For this tutorial, we’ll download some low coverage 🦁 data for ten samples to illustrate the steps of quality control, trimming and mapping. While ENA allows using wget to download data (see and example here), for NCBI you need to use their tool sra-tools or parallel-fastq-dump. I’ve prepared an environment with an installation of parallel-fastq-dump, so we’ll use that here. Activate the environment first:

$conda activate parallel-fastq-dump

Now, create a folder to download the data to and use parallel-fastq-dump to grab accession numbers SRR10764405-SRR10764414 from NCBI:

$parallel-fastq-dump --sra-id SRR10764405 SRR10764406 SRR10764407 SRR10764408 SRR10764409 SRR10764410 SRR10764411 SRR10764412 SRR10764413 SRR10764414 --threads 4 --split-files --gzip

After you’ve downloaded the data, deactivate the environment:

conda deactivate

You should now have raw data for 10 individuals in your folder (paired-end, 20 files in total). Raw data come in .fastq.gz (or .fq.gz) format. Now let’s take a look at the data. Go to the folder where the data are stored, using cd, and use ls to display the contents of the folder. Most of the time, you’ll be working with paired-end data, meaning that each sample has two files. These are usually identified by _R1 and _R2, or _1 and _2. Those two files contain the forward and reverse reads, respectively. For more information about paired-end Illumina sequencing, watch this video.

Now let’s take a look at what’s inside these files. Type the following command:

zcat SRR10764405_1.fq.gz | less -S

The zcat command is used to unzip the file (note it ends with .gz), and less allows you to view it.
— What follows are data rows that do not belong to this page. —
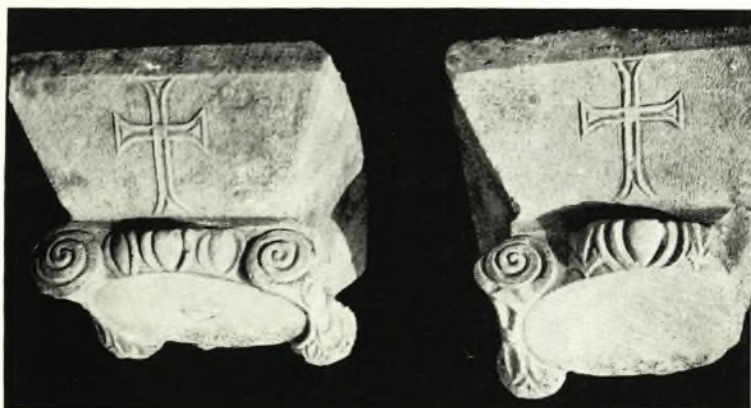
α. Ίωνικά κιονόκρανα, ἀνήκοντα εἰς τὰς κιονοστοιχίας τοῦ ἄνω ὀρόφου τῆς βασιλικῆς Α.
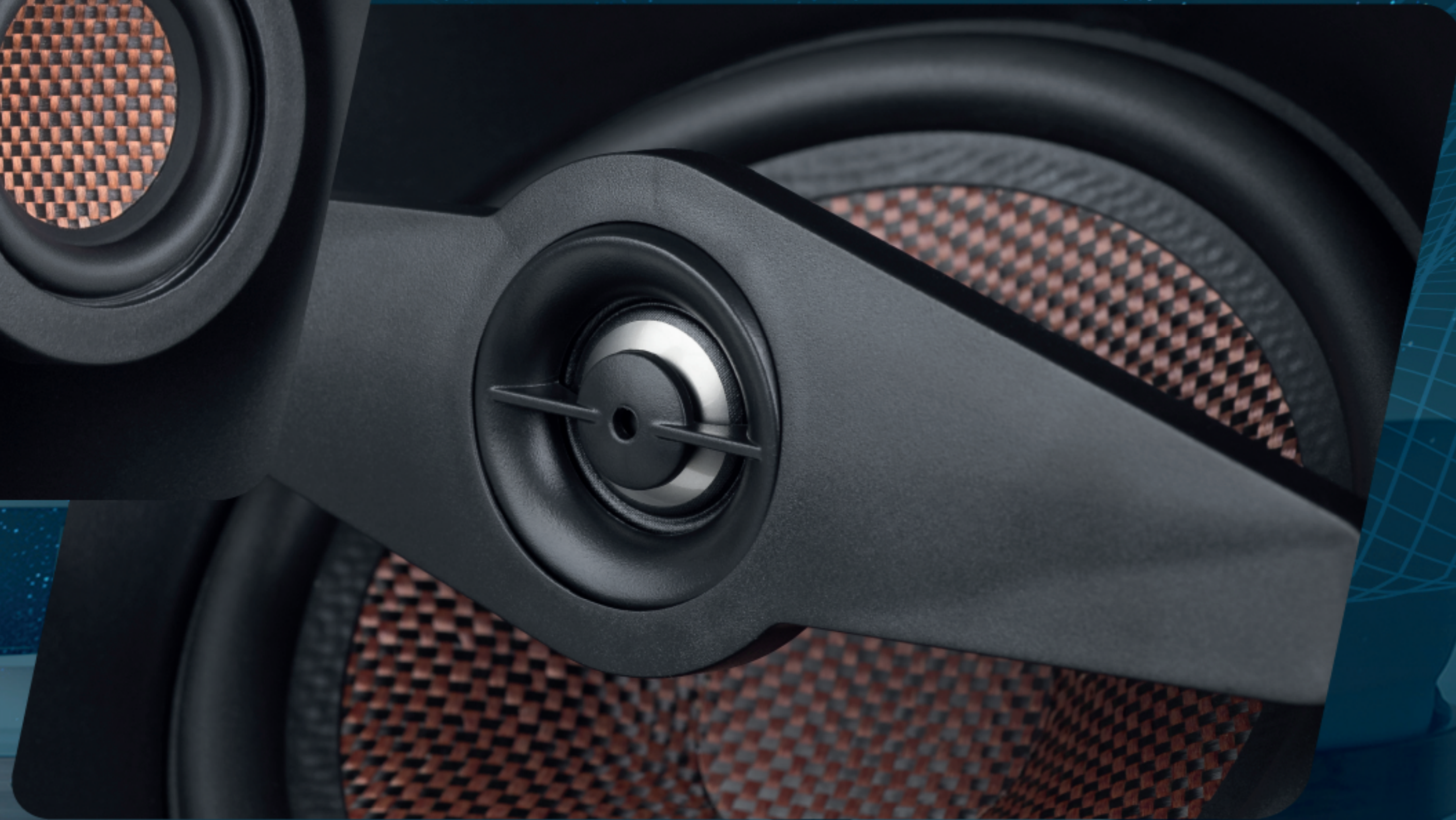
02 VIAS ANGULADA 100W
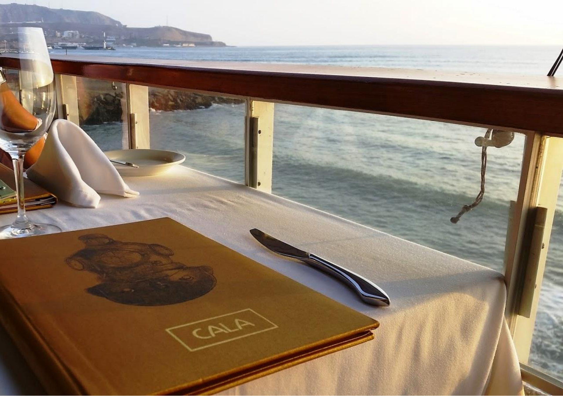
Demostración de Pisco Sour en Restaurante (con vista al mar)
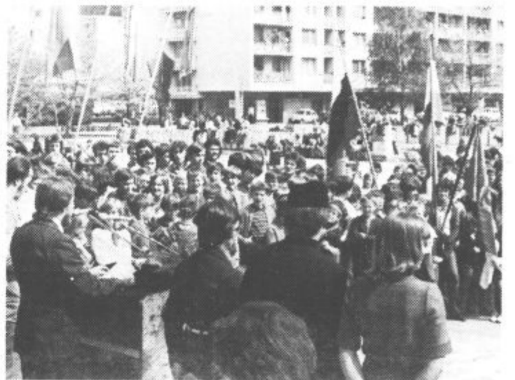
V srcih vseh mladih in drugih občanov, ki so v torek popoldne napolnili ploščad pred kulturnim domom, je bila samo ena želja: da bi bil dolgo, dragi tovariš Tito, na čelu naše samoupravne socialistične domovine.
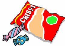
お菓子の袋・飴等
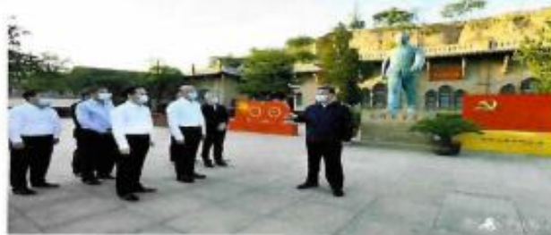
习近平在陕西榆林考察调研
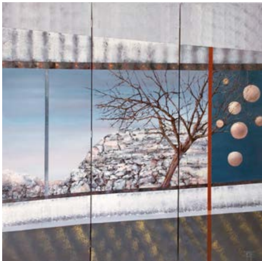
Panorama Huile et acrylique 150 x 150 cm (2019)

Les paysages, les petites collines faites de graviers ou de grosses pierres émergent des brumes de l'inconscient.
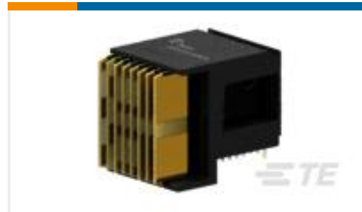
TE 产品编号1410189-3 MULTIGIG RT T2 7RW H-LFT,ET2
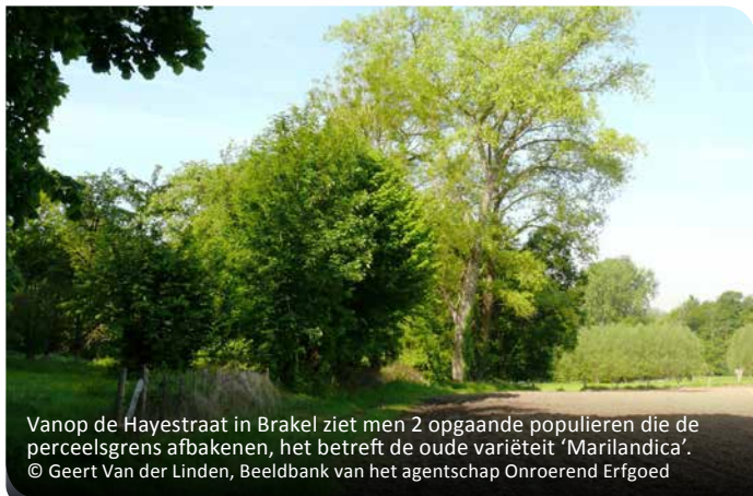
Vanop de Hayestraat in Brakel ziet men 2 opgaande populieren die de perceelsgrens afbakenen, het betreft de oude variëteit 'Marilandica'.
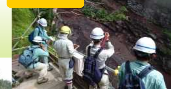
標高約2,100mの工事現場を見学
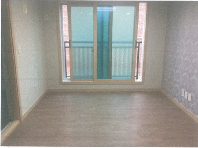
거실 사진 (창호 5cm정도 Open)
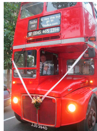
Londýnsky doubledecker a klasický anglický pub
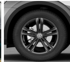
Sebring 7J x 18
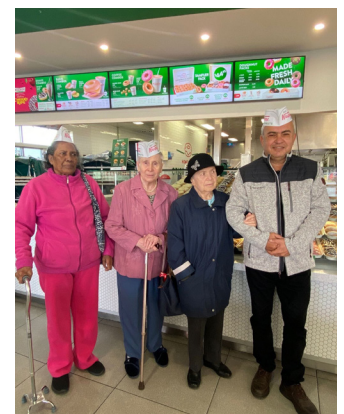
Putovanje u Krispy Kreme
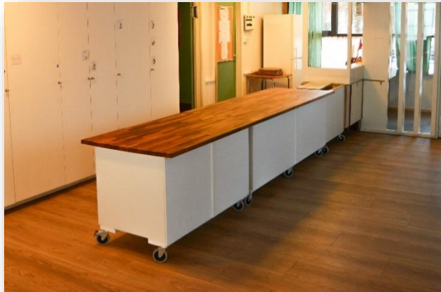
Serveringsdisker i 3 moduler.
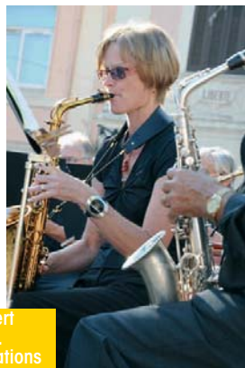
Le concert de l'Harmonie Mussou a ouvert cette journée de partages et d'échanges. Fondée en 1851, la doyenne des associations gardéennes a ravi petits et grands.
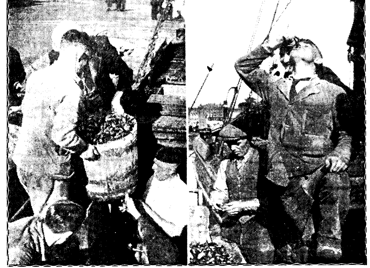
Er zijn weer mosselen — De eerste lading van de kweekerijen in de Pijp onder het Griendt tusschen Harlingen en Terschelling is te Amsterdam aangekomen. De mosselen werden snel van de hand gedaan en de kerner vond ze zelfs rauw uitstekend smaken (Pax-Holland-De Haan m)
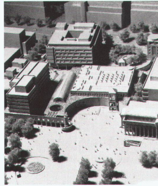
Die Arbeit von H. N. Cobb in I. M. Pei, New York gefiel der Stadt.

Wir sind aus dem Bewusstsein der Verantwortung für die Baukultur in unserem Lande anderer Meinung. Auch wenn wir anerkennen, dass durch das lange Planungsverfahren die Stadt Stuttgart zum Ausdruck gebracht hat, dass hier eine städtebauliche, baukünstlerische Aufgabe von höchstem Range ansteht, müssen wir
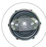
Riduttore a satelliti e planetario (L22)
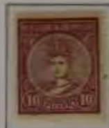
10 Filler grauviolet
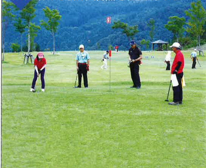
ジュネス栗駒パークゴルフ場 日本パークゴルフ協会認定の36ホール・4コースのゴルフ場。ちびっ子からお年寄まで楽しめます。間近に「やまゆり温泉」があり森林浴と温泉浴をお楽しみいただけます。mapB-3
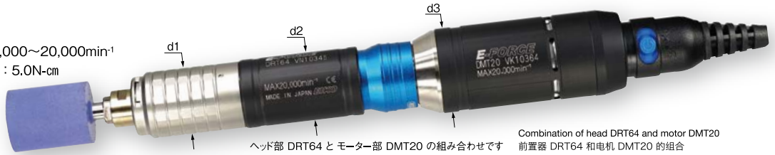
ヘッド部 DRT64 と モーター部 DMT20 の組み合わせです 前置器 DRT64 和电机 DMT20 的组合
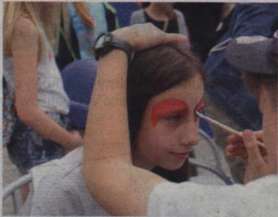
Można było malować twarze innych osób.
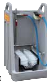
Ecoulement des eaux usées (livré obturé)
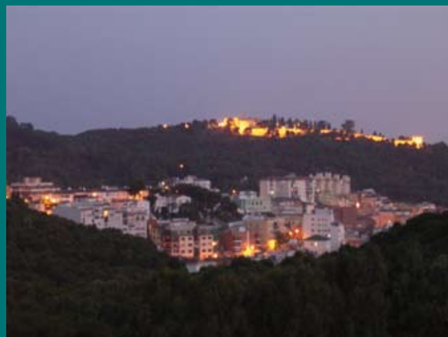
Sede del curso. Seminario de Málaga
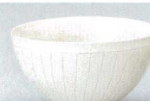
486-31-241 1,000円 0124486031 粉引ストライプ飯碗 (11×6.2cm)
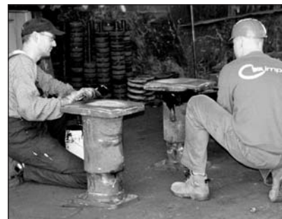
Vorher: Arbeiten in knieender Position.

Nachzuweisen ist ein gesunkener Krankenstand sowie geringere Kosten für Krankenhausaufenthalte und Medikamente. Der BetriebsCHECK-UP Rücken leistet hierzu einen wichtigen Beitrag. ●

Here we add -S to chop off long lines. Otherwise it wraps around and becomes messy. Try scrolling right and down, using the arrow keys. To quit less type q. If you’d like to see the messy format, with long lines wrapping, try using head -n 20 instead of the less command. head shows the first part of the file, and -n 20 tells it to show the first 20 lines. If you’re really brave, try just using zcat, without less and see what happens. Press CTRL+C to escape the madness.

Now to the actual data. Each sequenced read is spread over four lines, one of which contains sequence and another the quality scores stored as ASCII characters. The other two lines are used as headers to store information about the read. It’ll look something like this: fastq.gz

The second line contains the sequence data. The third line is unused (identified with +, often this line is empty, but here it repeats the header from the first line). And the fourth line is the quality scores for the base calls. The FASTQ wikipedia page has a good figure depicting the logic behind how quality scores are encoded.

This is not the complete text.